Едва последние посетители покинули ресторан, Мария, поручив уборку сыну, сняла фартук, вышла из отеля и, спустившись с холма, направилась в центр города. В первом попавшемся киоске купила газету и пачку сигарет. Села за столик на террасе кафе, у всех на виду, и заказала Нескафе-фраппе. Ожидая, когда появятся первые знакомые, открыла газету и рассеянно пробежала по ней глазами. В умении молниеносно оповестить всех о каком-либо событии Мария нисколько не уступала Катерине. Тут она тоже была профессионалом, хотя обычно не тратила свой талант на распространение слухов. Результат не заставил себя ждать. Еще до полудня вся Хора была в курсе того, что Элени оказала всем им честь, представляя остров на важном европейском турнире по шахматам, который проходил в это время в Афинах.
Ближе к двум часам дня Панис увидел, что к его мастерской стекаются первые любопытные. Все хотели узнать какие-нибудь подробности. Их он и старался придумать. Его рассказ был слишком краток. Такую лаконичность все объясняли застенчивостью человека, не любящего быть объектом всеобщего внимания. Зато поздравления он принимал в высшей степени любезно.
Вечером Курос, весь день еле ноги передвигавший, наконец решился вызвать врача. Тот сразу поставил диагноз: “острая пневмония” — и срочно отправил пациента, несмотря на его категорические возражения, в городскую больницу. Едва его носилки пересекли порог медицинского учреждения, как поднялась страшная суматоха. Кто только не побывал возле кровати больного: лечащие врачи, профессора, студенты, медсестры, сиделки. Одни тихим голосом делали назначения, другие молча их выполняли. Над Куросом склонялось бесконечное множество лиц — встревоженных, безразличных, сочувствующих. Трубки были подключены, лекарства назначены, уход налажен. Дверь в его палату то и дело открывалась и закрывалась. Слышалось мягкое шарканье ног в тапках на резиновой подошве и шорох накрахмаленных тканей. Наконец старика оставили одного.
Курос не спал всю ночь. Он тяжело дышал, в груди, несмотря на лекарства, очень болело. Было и нечто другое, мучившее его едва ли не больше. Он злился, что не смог воспрепятствовать своей отправке в больницу — место, которое он ненавидел сильнее, чем ханжество в обличье утешения. Он не выносил запаха дезинфекции в коридорах, слащавого тона медсестер, мертвенно-зеленого света в палате. Как же он позволил, чтобы его вот так запросто упекли сюда? Ведь он был готов к тому, что может внезапно заболеть.
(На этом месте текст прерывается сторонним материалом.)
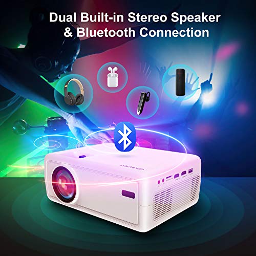 【DUAL STEREO SPEAKERS & BLUETOOTH 5.0 FUNCTION】This Movie projector has built-in 3W dual stereo speakers with SRS sound system, which you can get the superior sound experience from this portable mini projector. With Bluetooth 5.0 Function, you can connect your ideal Bluetooth speakers wirelessly at any time.

И знал, что сделает в таком случае, — но не сделал. Дрогнул в последнюю минуту. А теперь только и остается, что винить самого себя.
Одно приносило ему облегчение — мысль о том, что Элени сейчас в Афинах. Он будто воочию видел, как она едет по столице, дивясь кишащей толпе и лабиринту улиц, приникнув шахматистка к окошку такси, которое она предусмотрительно взяла еще в Пирее. Вот она направляется в гостиницу, где будет жить, — там, все проверив, с восторгом обнаруживает, что телевизор работает, а в ванную комнату не забыли положить мыло.